To do
Every entry should be repeated exactly. Omit the pictures.

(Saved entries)
--------------------------------
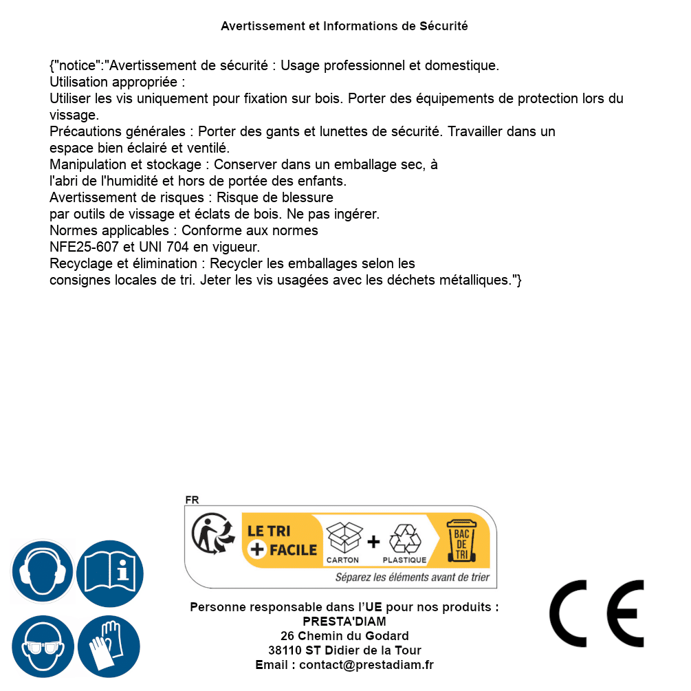 | Verantwortliche Person EU | PRESTA'DIAM 26 Chemin du Godard 38110 ST Didier de la Tour Email: contact@prestadiam.fr |
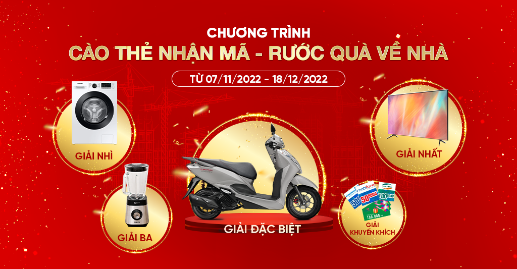 Ngoài những phần quà giá trị từ vòng quay đặc biệt, khách hàng còn có cơ hội nhận những phần quà khuyến khích là thẻ cào điện thoại trị giá 50.000đ hoặc 100.000đ hoặc phiếu mua hàng Coopmart 100.000đ khi tham gia cào thẻ quét mã trực tiếp tại các cửa hàng vật liệu xây dựng.
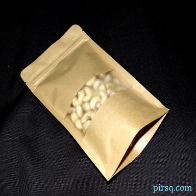 Kraft Stand Up Pouche, Brown Stand up Pouch With Window. Eco friendly, Biodegradable, Convenient,Sturdy,Used for packing of various item.
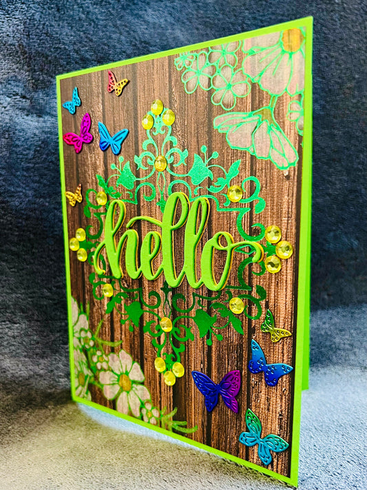 Hello Card: Wood Grain, Rainbow Foil Butterflies, Green Floral
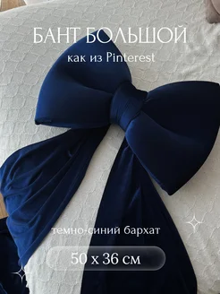 Большой синий бант для подарков и декора из бархата 50х36 см
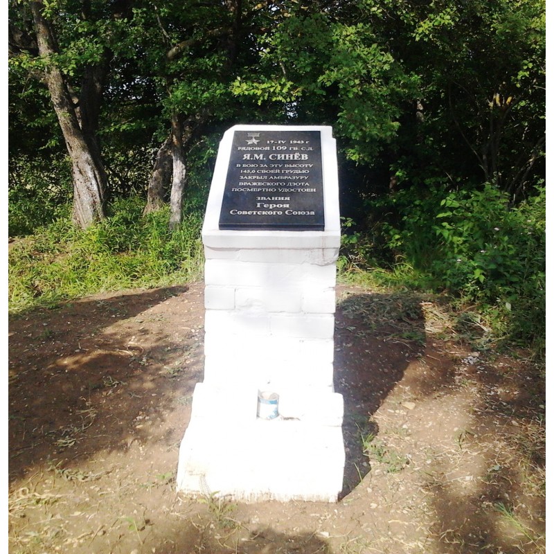 Высота 145,4, где рядовой Я.М. Синяев закрыл своим телом амбразуру дзота фашистов. За этот подвиг Я.М. Синяеву присвоено звание Героя Советского Союза
--------------------------------
Task response
 | Verantwortliche Person EU | PRESTA'DIAM 26 Chemin du Godard 38110 ST Didier de la Tour Email: contact@prestadiam.fr |
 Ngoài những phần quà giá trị từ vòng quay đặc biệt, khách hàng còn có cơ hội nhận những phần quà khuyến khích là thẻ cào điện thoại trị giá 50.000đ hoặc 100.000đ hoặc phiếu mua hàng Coopmart 100.000đ khi tham gia cào thẻ quét mã trực tiếp tại các cửa hàng vật liệu xây dựng.
 Kraft Stand Up Pouche, Brown Stand up Pouch With Window. Eco friendly, Biodegradable, Convenient,Sturdy,Used for packing of various item.
 Hello Card: Wood Grain, Rainbow Foil Butterflies, Green Floral
 Большой синий бант для подарков и декора из бархата 50х36 см
 Высота 145,4, где рядовой Я.М. Синяев закрыл своим телом амбразуру дзота фашистов. За этот подвиг Я.М. Синяеву присвоено звание Героя Советского Союза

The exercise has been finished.